Иногда, чтобы написать историю, не нужно рыться в своём воображении. Иногда достаточно просто внимательно смотреть вокруг.

В данный момент вокруг меня находится город N. Я иду по одной из его улочек, стуча ногами по изношенному тротуару, слушая шум машин со стороны дороги слева. Направляюсь же я на вокзал, чтобы сесть на автобус и после выполнения всех дел здесь вернуться в родную деревеньку неподалёку от города.

Пейзаж передо мной изменился – вместо уходящего вдаль тротуара прочной стенкой встал рынок. Это значит, что я уже близко: рынок – своеобразная опухоль вокзала – где первый, там второй.

Ненавязчивый шелест машин сменился на гулкий говор множества людских голосов, появилась необходимость вертеть телом, чтобы продвигаться вперёд. Справа и слева плотными стенками сдавливали людской поток лавки: боковым зрением я видел проплывающий мимо поток кофт, сапог, нижнего белья (кому придёт в голову покупать его на рынке?), продавцы, сидящие угрюмо и смотрящие в точку, или беседующие с себе подобными, или торгующие: мельком я успевал видеть наклонённые вплотную к покупателям лица, рты, что-то доказывающие до брызг слюны, передающиеся из рук в руки сальные, помятые купюры, потёртые и почерневшие монеты…

Под ногами, куда всё это время была направлена основная сила моего зрения, затёртый до идеально гладкого состояния асфальт рынка сменился на не менее качественно затёртую тысячами ног тротуарную плитку. Стены из лавочек также пропали, а впереди появилось широкое и приземистое здание автостанции, окружённое автобусами. Людской говор же никуда не делся, он лишь усилился и вобрал в себя новые фразы, ненадолго вырывающиеся из общего гула, как рыбы-летяги из водяной массы. Это были крики таксистов, зазывающих народ променять громыхающий и трясущийся ПАЗик на не многим более комфортабельный жигуль.

Пройдя некоторое расстояние по ещё более затёртому асфальту, чем на рынке (он был затёрт настолько, что представлял из себя серую массу со вкраплениями камешков, которые некогда были острыми кусками гранита и кремния, но сейчас больше напоминали морскую гальку), мимо небольших ларьков быстрого питания, рядом с которыми так же, как на рынке, теснились люди, за исключением того, что продавцы уже ничего не доказывали покупателям, и даже имели на себе такой атрибут цивилизации, как простая маска (впрочем, сдвинутая ниже подбородка).

Наконец, я попал в место, где мне продадут билет. Это было небольшое, вспомогательное здание, похожее на большой коробок, слепленное на скорую руку чуть поодаль от основного на то время, пока в основном идёт ремонт. И хотя в основном здании не было ничего, кроме пяти касс, а также около двух десятков пластмассовых кресел, расположенных вдоль стен, ремонт там идёт вот уже несколько лет, хотя положительно неясно, что всё это время можно ремонтировать. А может работникам вокзала просто понравился уютный коробок на краю вокзальной площади? Кто знает.

Как бы там ни было, прошмыгнув на входе под прямоугольной аркой из серой пластмассы, которая похожа была на металлодетектор, но никогда не использовалась подобным образом (точнее она не использовалась вообще никаким образом), я попал в просторный зал, в котором, как и в предыдущем, было пять касс и такие же седушки, расположенные вдоль стен.

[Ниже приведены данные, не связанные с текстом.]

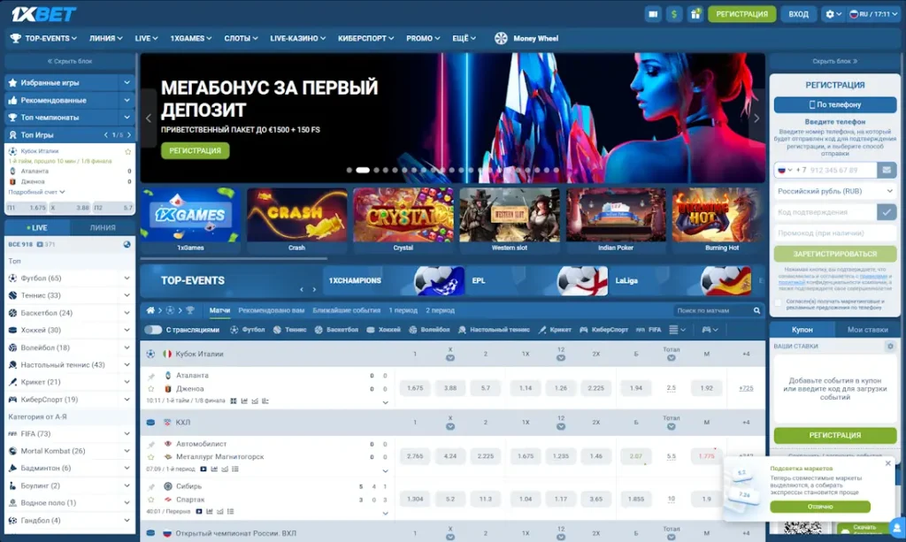 1xBet — это территория тех, кто хочет не просто играть, но и выигрывать на спортивных ставках. Официальный сайт этой международной букмекерской конторы предлагает широкий выбор игровых событий с маржой 4-7%, качественные слоты в казино и множество других развлечений. Платформа работает по лицензии Кюрасао и обслуживает более 1,5 миллиона активных игроков из 50+ стран мира.
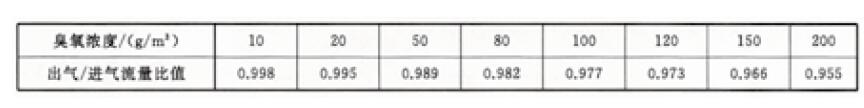 不同臭氧濃度時出氣/ 進氣體積流量比值見表C.7。
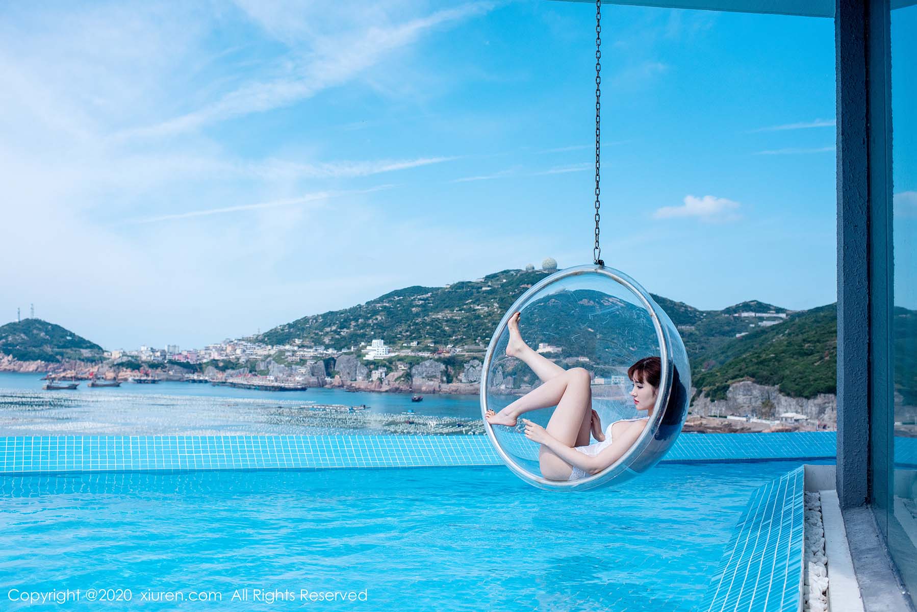 美人身穿蕾丝内衣,静静地躺在地板上,落地窗外是枸杞岛海天一色的美景。海面上星星点点的蓝色渔船,夕阳下温暖的落日余晖,与沈梦瑶曼妙的曲线勾勒出一副绝美的风景。这个美丽的民宿有一个很诗意的名字叫等风来,美景等风来,梦梦等你来。欢迎大家下载!
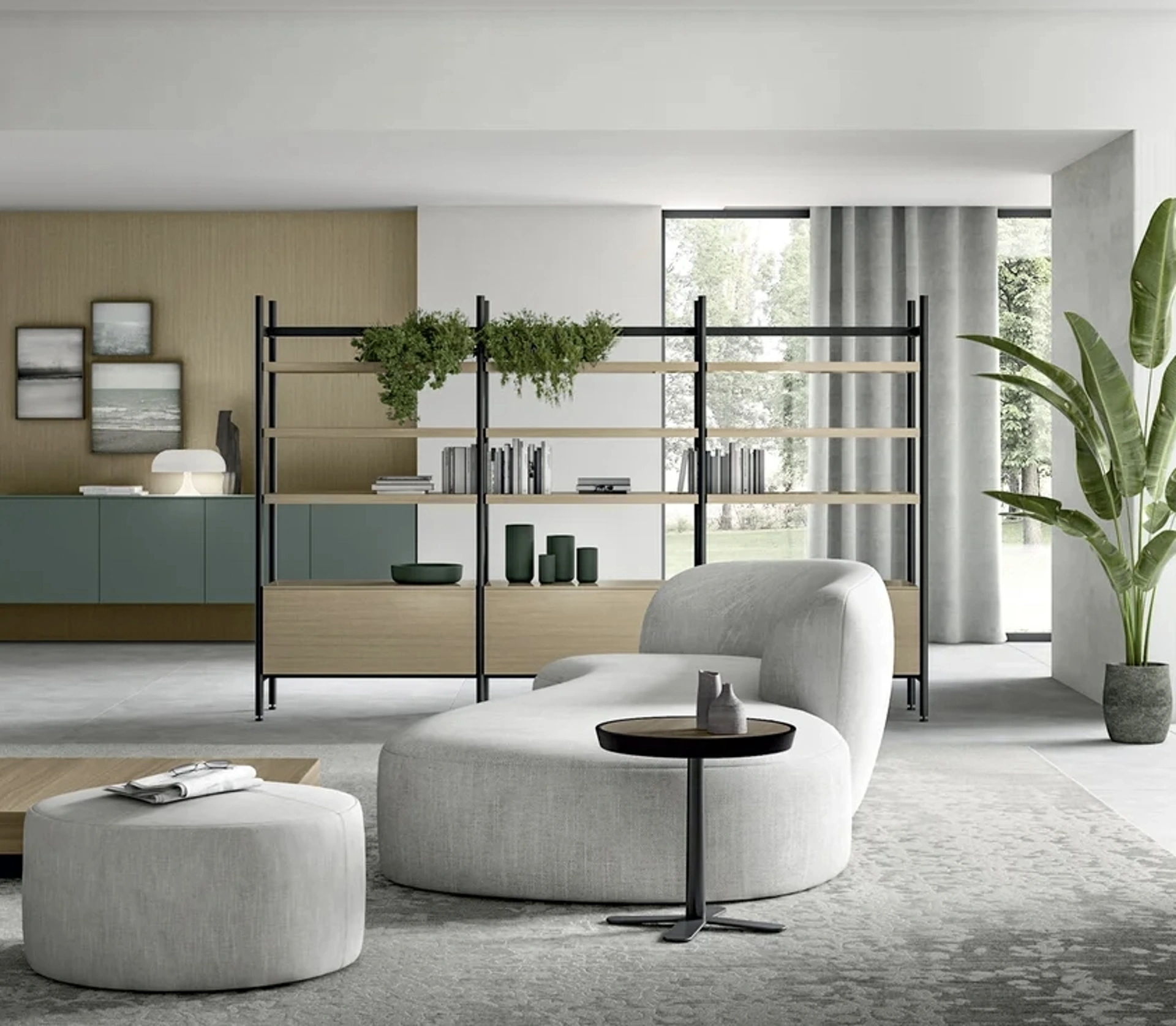 Quali opzioni di personalizzazione sono disponibili per la libreria Living Glass?La libreria Living Glass offre diverse possibilità di personalizzazione, incluse le dimensioni standard degli arredi. È possibile visionare i campioni di materiali e finiture direttamente in negozio.
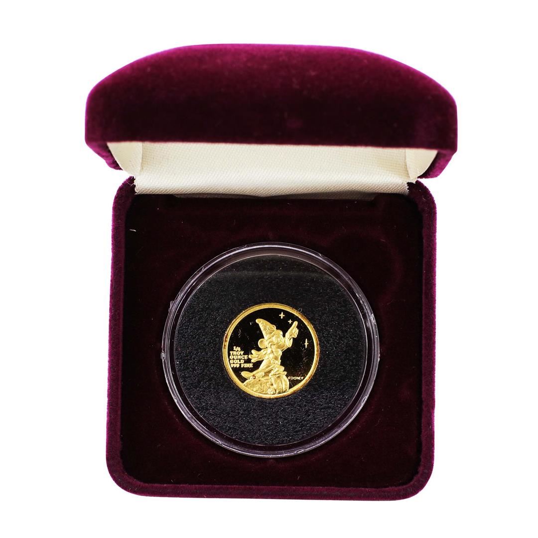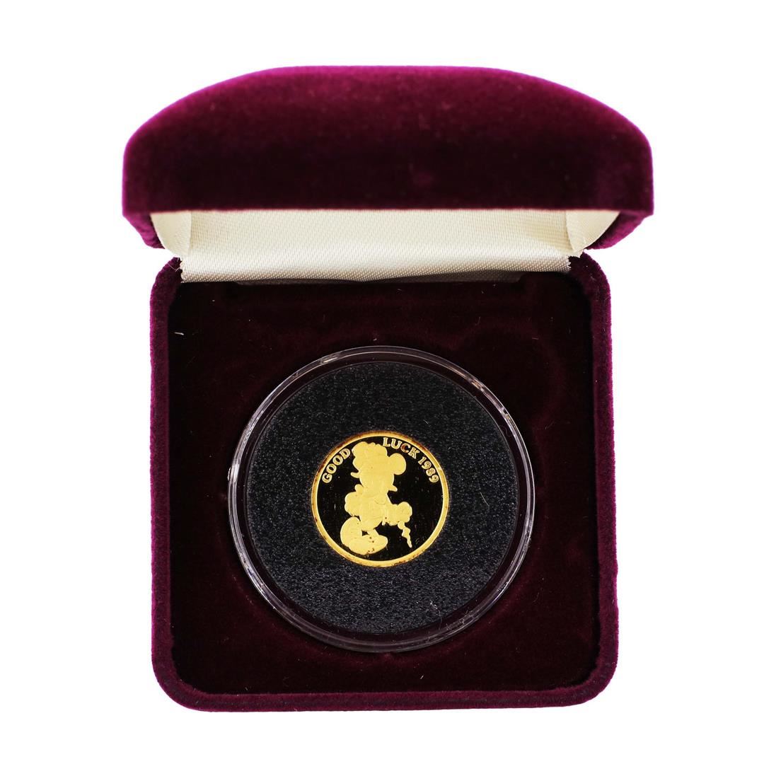 One 1989 Rarities Mint Disney Mickey Good Luck 1/4 Oz. Gold Coin w/ Box.
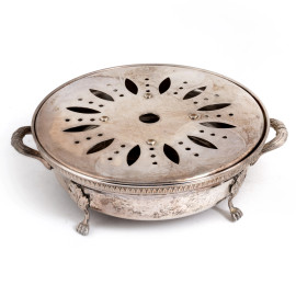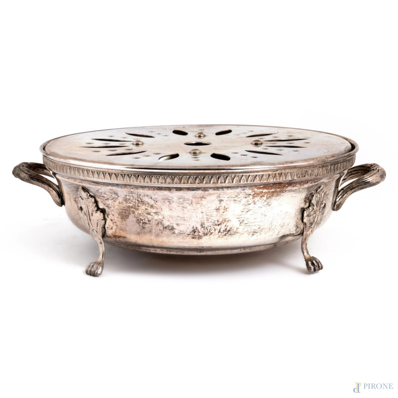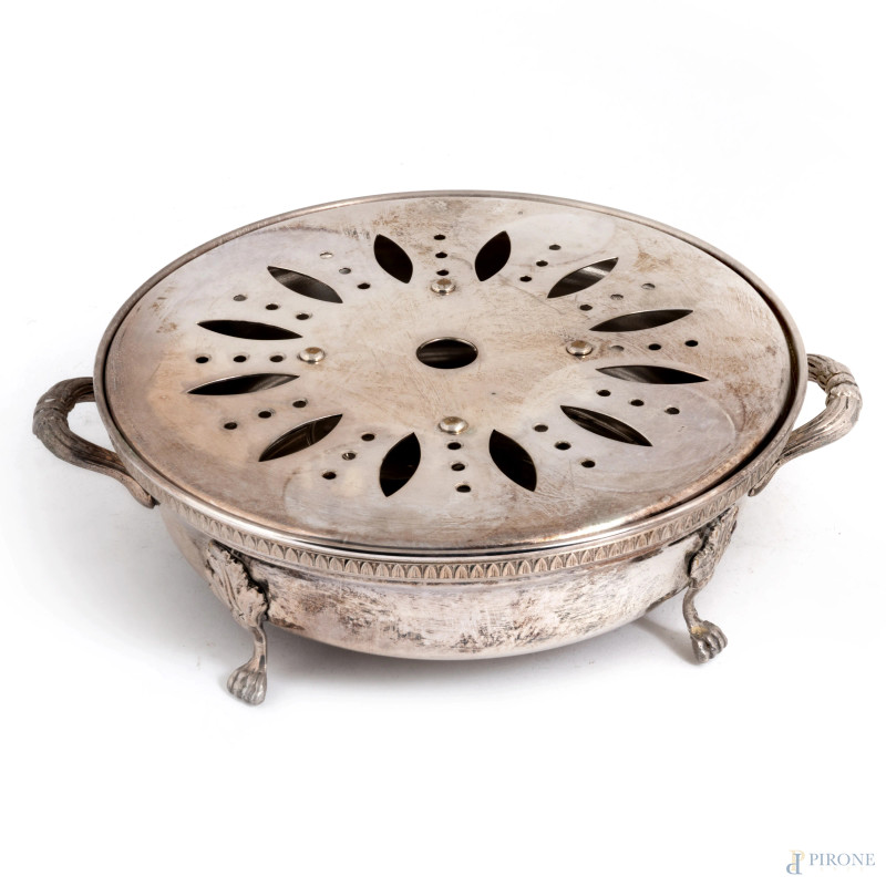 Set da fonduta in metallo argentato, XX secolo, cm 7,5x23, (segni di usura)
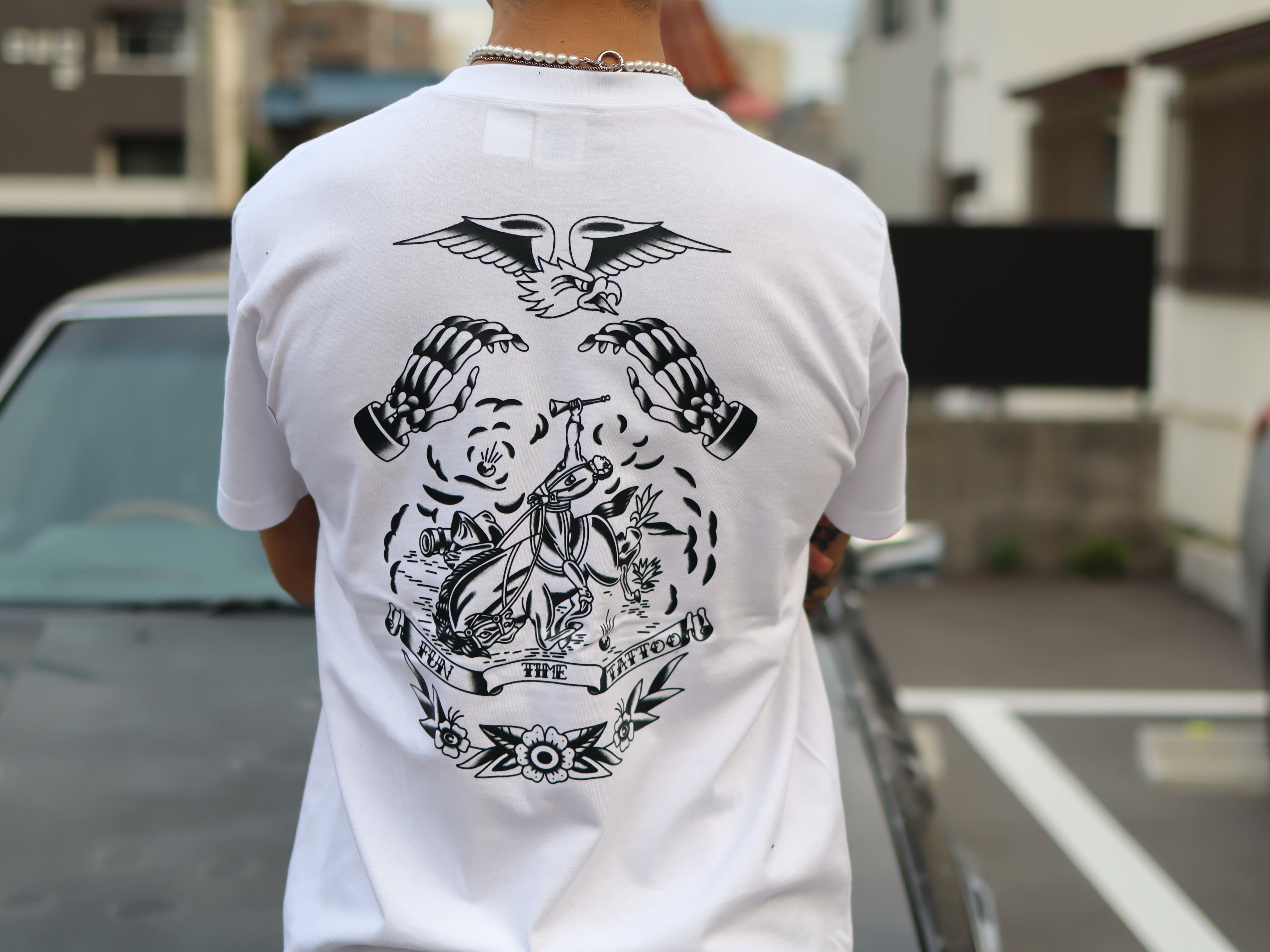 フロント/バックに、彫師 “HORIRYU” 氏による “トラディショナル・タトゥー(Old School)” スタイルのグラフィックを配置。太めのアウトライン、鮮やかな発色、クラシカルなモチーフが特徴です。
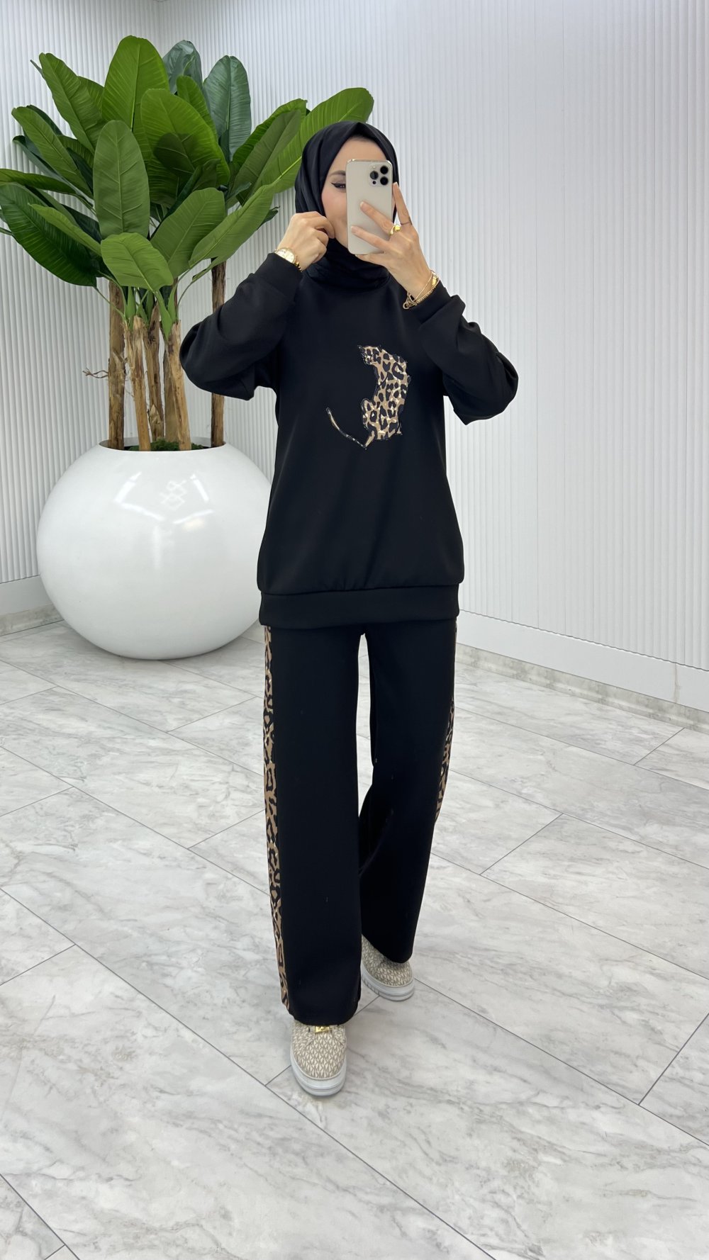 Siyah Leoparlı Scuba Takım Tesettür Giyim
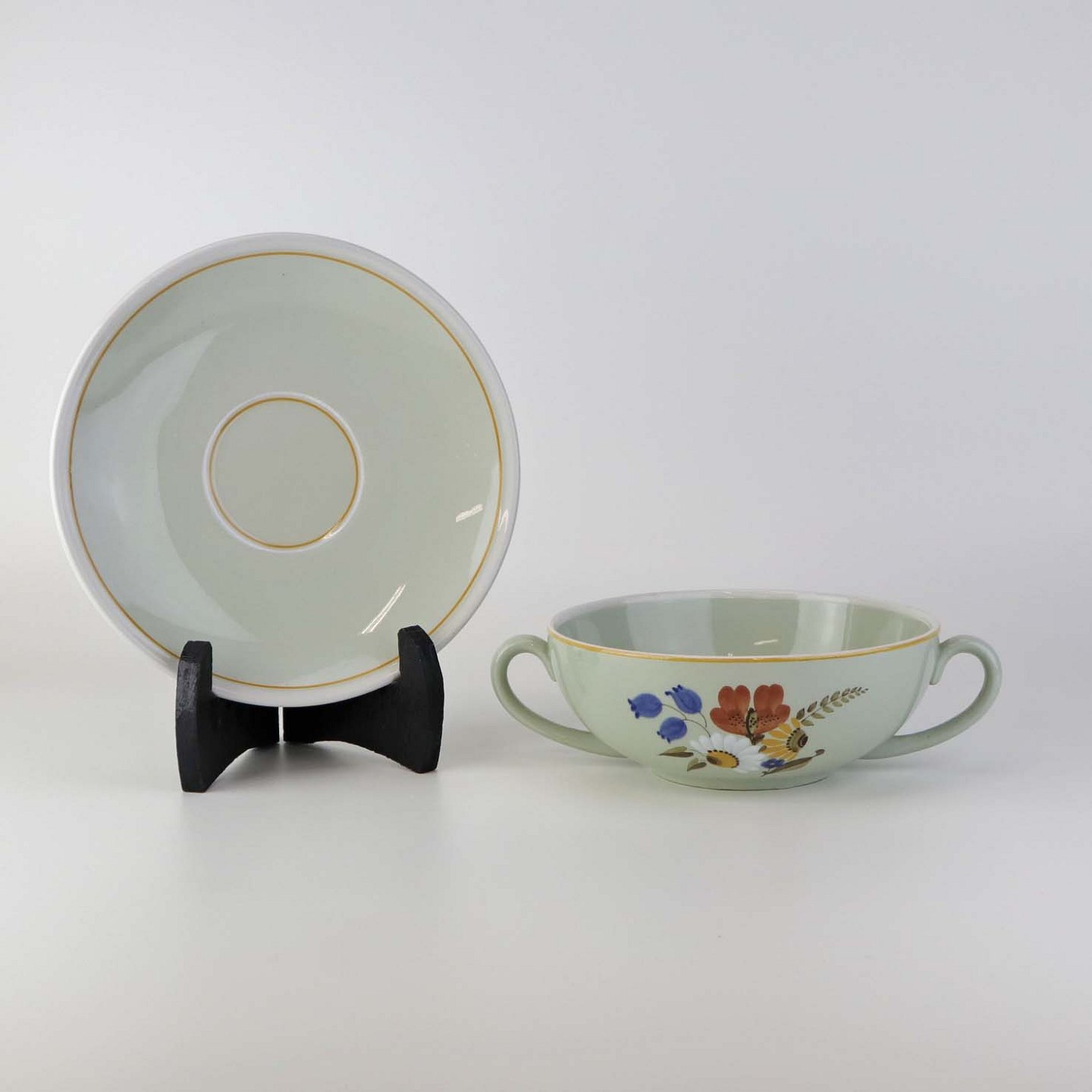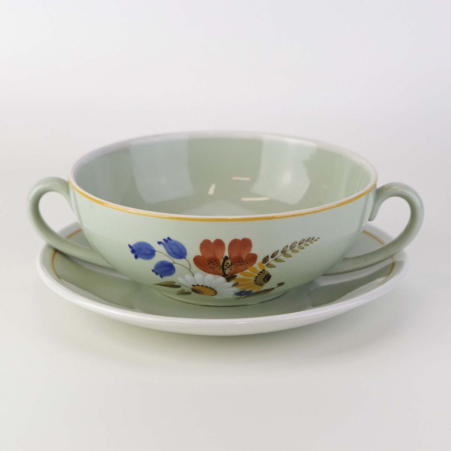 Suppekop med underkop i fajance fra stellet Frederiksberg. Nr. 265Formgiver Nils Thorsson
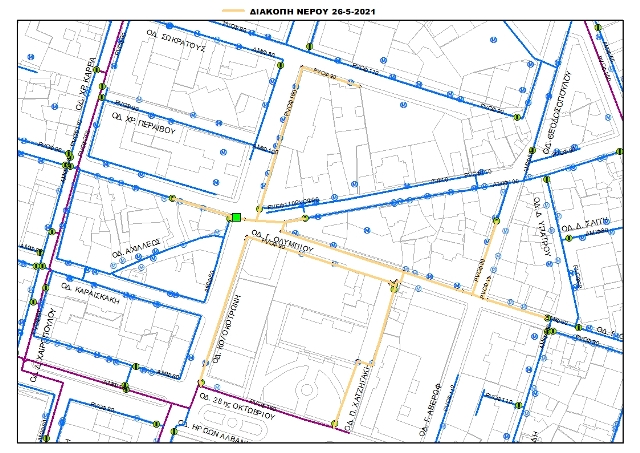 Από την υπηρεσία υδρεύσεως της Δ.Ε.Υ.Α.Τ. ανακοινώνεται ότι αύριο Τετάρτη 26/5/2021 λόγω επισκευής αγωγού ύδρευσης, θα υπάρχει διακοπή νερού στην οδό Κολοκοτρώνη από το ύψος της οδού 28ης Οκτωβρίου έως το ύψος της οδού Σωκράτους, στην οδό Χατζηγάκη από το ύψος της οδού 28ης Οκτωβρίου έως το ύψος της οδού Ολυμπίου, στην οδό Αβέρωφ από το ύψος της οδού Ολυμπίου έως το ύψος της οδού Αχιλλέως, στην οδό Ολυμπίου από το ύψος της οδού Κολοκοτρώνη έως το ύψος της οδού Κοπάδη, στην οδό Σωκράτους από το ύψος της οδού Κολοκοτρώνη έως το ύψος της οδού Θεοδοσοπούλου, και τέλος στην οδό Διάκου από το ύψος της οδού Κολοκοτρώνη έως το ύψος της οδού Καρρά η οποία θα διαρκέσει από τις 09:00 π.μ. έως τις 11:00 π.μ.

Шурша ногами по новой, но уже побитой и потёртой плитке, я подошёл к стенке, вдоль которой располагалось пять касс, из которых, однако, работала только одна (за все те разы, что я бывал здесь, я не видел, чтобы работало больше двух), и занял место в очереди. Да, очередь: сложно оценить её длину, ведь люди стояли рядом с единственной кассой в некотором беспорядке, как и сложно оценить в ней своё место. Ваше положение в местной очереди измеряется не количеством человек впереди вас, а расстоянием от вас до кассы по прямой. Чем меньше расстояние – тем больше у вас шансов занять своей персоной кассиршу, пока она не занята персоной чужой. Весьма своеобразная система, которая требует для своего использования немало ловкости и… стойкости, ведь в надежде укоротить дистанцию до заветного окошка стоящие позади вас люди напирают вперёд нещадно, не иначе как будто они революционеры и в данный момент прорывают полицейские заграждения неугодного им режима.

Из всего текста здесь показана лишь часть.